— What to work on —
Return the listing in full and exactly, but without a single picture.

— Source material —
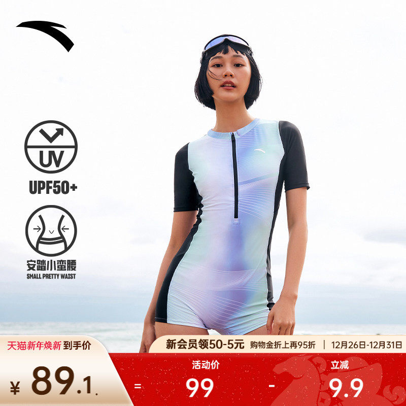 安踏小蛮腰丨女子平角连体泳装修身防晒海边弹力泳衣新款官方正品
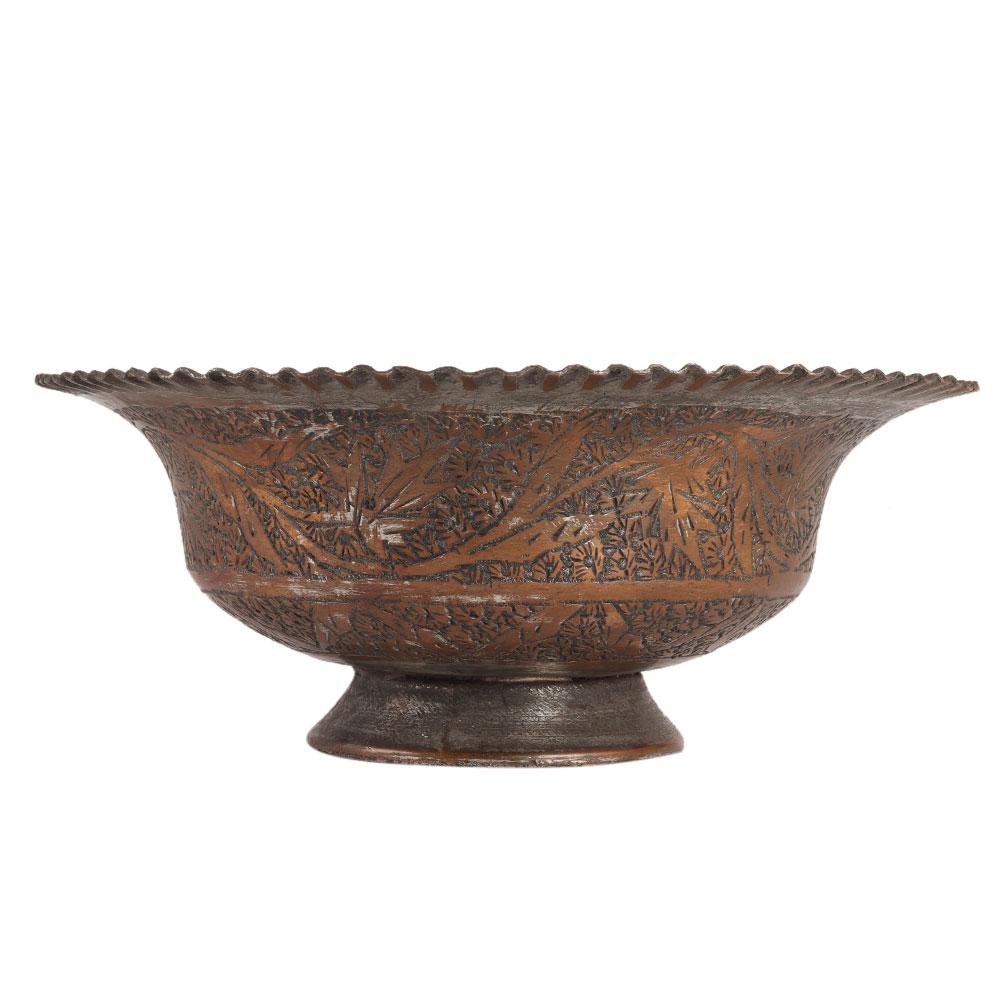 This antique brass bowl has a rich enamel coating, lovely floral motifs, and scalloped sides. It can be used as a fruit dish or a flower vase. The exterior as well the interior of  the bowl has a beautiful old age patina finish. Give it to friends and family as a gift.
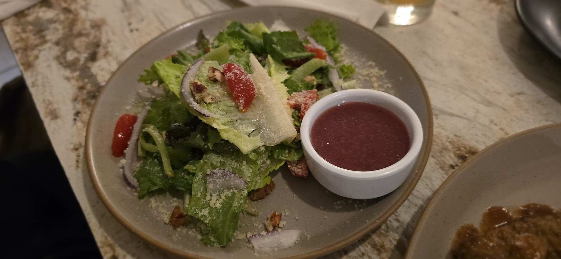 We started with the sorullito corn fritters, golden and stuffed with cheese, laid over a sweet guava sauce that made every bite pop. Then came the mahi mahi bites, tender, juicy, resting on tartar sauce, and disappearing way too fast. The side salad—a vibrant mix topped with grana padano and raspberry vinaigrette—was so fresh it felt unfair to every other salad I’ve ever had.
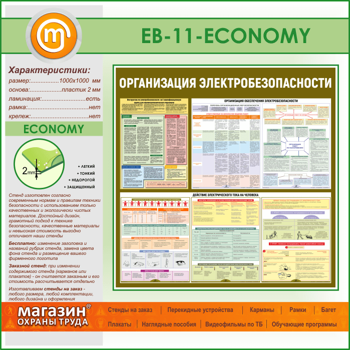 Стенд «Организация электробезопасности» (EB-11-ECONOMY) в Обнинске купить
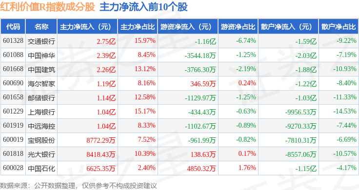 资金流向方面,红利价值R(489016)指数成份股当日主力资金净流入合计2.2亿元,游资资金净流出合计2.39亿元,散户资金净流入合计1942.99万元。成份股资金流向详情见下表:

— Result —
 安踏小蛮腰丨女子平角连体泳装修身防晒海边弹力泳衣新款官方正品
 This antique brass bowl has a rich enamel coating, lovely floral motifs, and scalloped sides. It can be used as a fruit dish or a flower vase. The exterior as well the interior of  the bowl has a beautiful old age patina finish. Give it to friends and family as a gift.
 We started with the sorullito corn fritters, golden and stuffed with cheese, laid over a sweet guava sauce that made every bite pop. Then came the mahi mahi bites, tender, juicy, resting on tartar sauce, and disappearing way too fast. The side salad—a vibrant mix topped with grana padano and raspberry vinaigrette—was so fresh it felt unfair to every other salad I’ve ever had.
 Стенд «Организация электробезопасности» (EB-11-ECONOMY) в Обнинске купить
 资金流向方面,红利价值R(489016)指数成份股当日主力资金净流入合计2.2亿元,游资资金净流出合计2.39亿元,散户资金净流入合计1942.99万元。成份股资金流向详情见下表:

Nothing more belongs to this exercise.